Zhang Sanjian is back 2022-05-25 00:00 Posted on Beijng


When we were young, we learned the ‘Three Character Classic,’ which begins with ‘人之初,性本善’ (‘At the beginning of humanity, human nature is fundamentally good’). The ‘Book of Rites: Records of Education’ also says ‘发虑宪,求善良’ (‘inspire thinking in accordance with the principles, seek out people of virtue and kindness.’). I’d like to share my personal understanding of kindness through this article

I asked myself, what is the first image that comes to mind when I think of the word “kindness”? The image that appears in my mind is of a mother’s hands cradling a newborn baby. The baby lies quietly in the mother’s arms with its eyes closed, and the mother looks at it with a loving gaze, transmitting life’s most primal kindness. When it comes to the question of a baby’s innate goodness or evilness, some say “At birth, human nature is fundamentally good,” while others argue “At birth, human nature is fundamentally evil.” Who is right and who is wrong? I speculate that whether a newborn leans towards goodness or evilness may be influenced by parental genetics, but what’s more important is whether the family provides the child with enough security. If a child receives ample security and feels sufficient love from parents, relatives, and friends, even in their initial naive state, they can slowly construct a “castle of love” in their heart. A child with such a solid “castle” can better protect themselves when facing life’s unpredictable challenges.

What follows and decides whether a child can maintain their inherent goodness is education — the education from family members, the teachings of teachers, and the guidance of various mentors after stepping into society. This is akin to a novice learning to drive. After mastering the theoretical knowledge, they start to practice in the driver’s seat. It’s essential to have an instructor in the passenger seat to guide and supervise, preventing the novice from accidentally driving the car into a ditch or up a tree.

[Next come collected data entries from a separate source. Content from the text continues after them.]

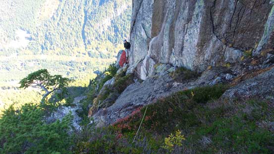 Despite the sunny weather for the past two days the rock was still damp, unfortunately. But oh well, we took a short break studying Simon’s route, put harness on and up we went. Right at the start we encountered a very difficult 3-meter step. I knew Simon and Doug thrashed up the vertical bush to the left. We gave it a half-hearted try but couldn’t quite figure out the sequence unless wrapping some slings around for some aiding. Vlad even went down and around to the left but still, there’s no easy way up. The climber’s right side though looked easy, would be the “wrong route” (that eventually would lead to a 5.7 slab pitch), so the only possibility would be straight up and over this rock band. I went up a bit to a small ledge with a high-angled slab to my left, and looking up guess what I saw? Two bolts… Alright then, that’s indeed the way to go. With Vlad giving me a belay and the two bolts (so two draws) as handholds I gingerly made it through. We both agreed that this was actually the crux of the entire route.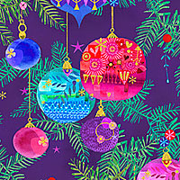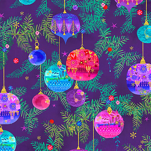 Unique and vibrant Christmas Tree ornaments hang from verdant green boughs and sparkle with glints of gold metallic. Larger Christmas ornaments are about 2", with gold metallic, from the 'Holy Night' collection by Lynn Horrabin for Robert Kaufman Fabrics.
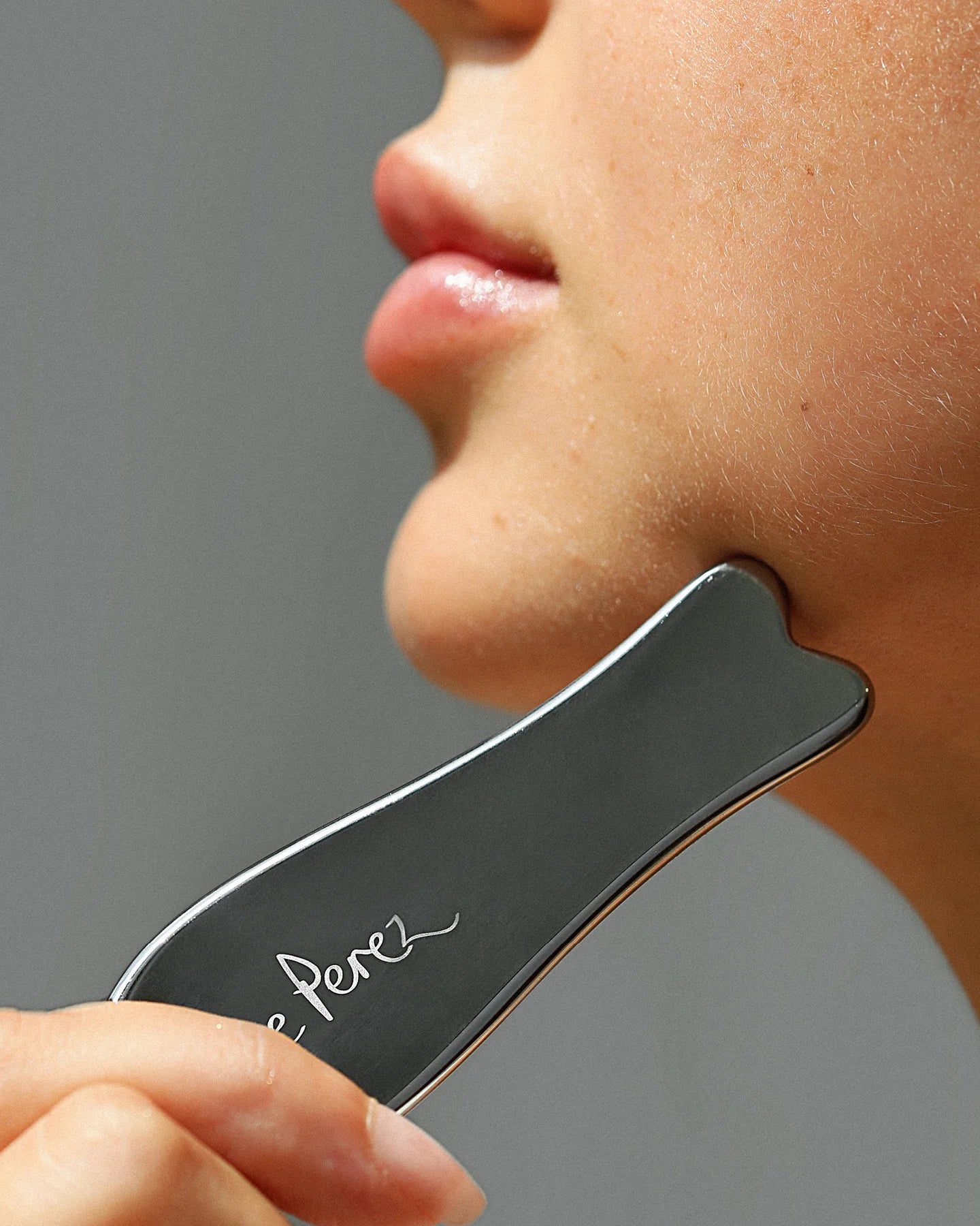 A luxurious beauty tool, expertly crafted to reduce puffiness, increase circulation and sculpt the face. With ultimate therapeutic benefits, based on the Chinese technique of Gua Sha, the Steel Face Tool is crafted with skin-cooling stainless steel and encourages radiant, healthy skin. The unique tail shape helps contour the jawline and cheekbone, whilst the long edge helps assist lymphatic drainage, puffiness and relieve muscle tension. Made of 100% medical grade stainless steel which makes it easy to clean and disinfect. Safe and effective for all skin types.

During adolescence, young people are full of energy, quick to receive information, and especially susceptible to environmental influences, easily veering off course. I myself experienced extortion by hooligans and bullying at school during my teenage years. The funniest thing was that every time I bought a bicycle, it would get stolen, and it happened repeatedly with each new purchase. The first bike that truly belonged to me was a reward for getting into a key middle school. I proudly rode this “exclusive” bike back and forth between home and school every day. (Before that, I rode my mother’s women’s bike, which wasn’t very impressive.)

This exclusive bike was a mountain bike, modified and assembled by a bike shop owner, boasting both high performance and good looks! It cost my parents several hundred yuan. But the good times didn’t last long. Less than two months after I started riding my beloved bike, it disappeared. I remember standing in the bike shed, staring at the spot where I always parked it, wondering if I’d parked it somewhere else or forgotten to lock it. Watching my classmates ride off on their bikes one by one, I even doubted whether I had walked to school that day and my beloved bike was just waiting for me at home. The feeling of helplessness, thinking back on it, still lingers faintly, as if someone had stolen a part of my memory and a piece of my heart.

To comfort me, my parents quickly bought me another bike, a road bike commonly known as a “drop handlebar bike”. Just when my psychological trauma seemed to be healing with this new bike, tragedy struck again — this drop handlebar bike only lasted two weeks with me.

In the end, out of necessity, my parents bought me a very ordinary bicycle for commuting to school. Yet again, this utterly mundane bike, practically on the verge of being junk, only lasted a week with me. My mom said to me, “Son, you might have been targeted by a bike theft gang. Neither conspicuous nor inconspicuous bikes are safe. How about we take the bus to school from now on?” I could only agree silently, and thus began my daily routine of timing my departure to catch the bus. If the bus didn’t pass by our house, I would stroll leisurely, but as soon as I saw its shadow, I would sprint towards the bus stop, possibly improving my short-distance sprinting ability.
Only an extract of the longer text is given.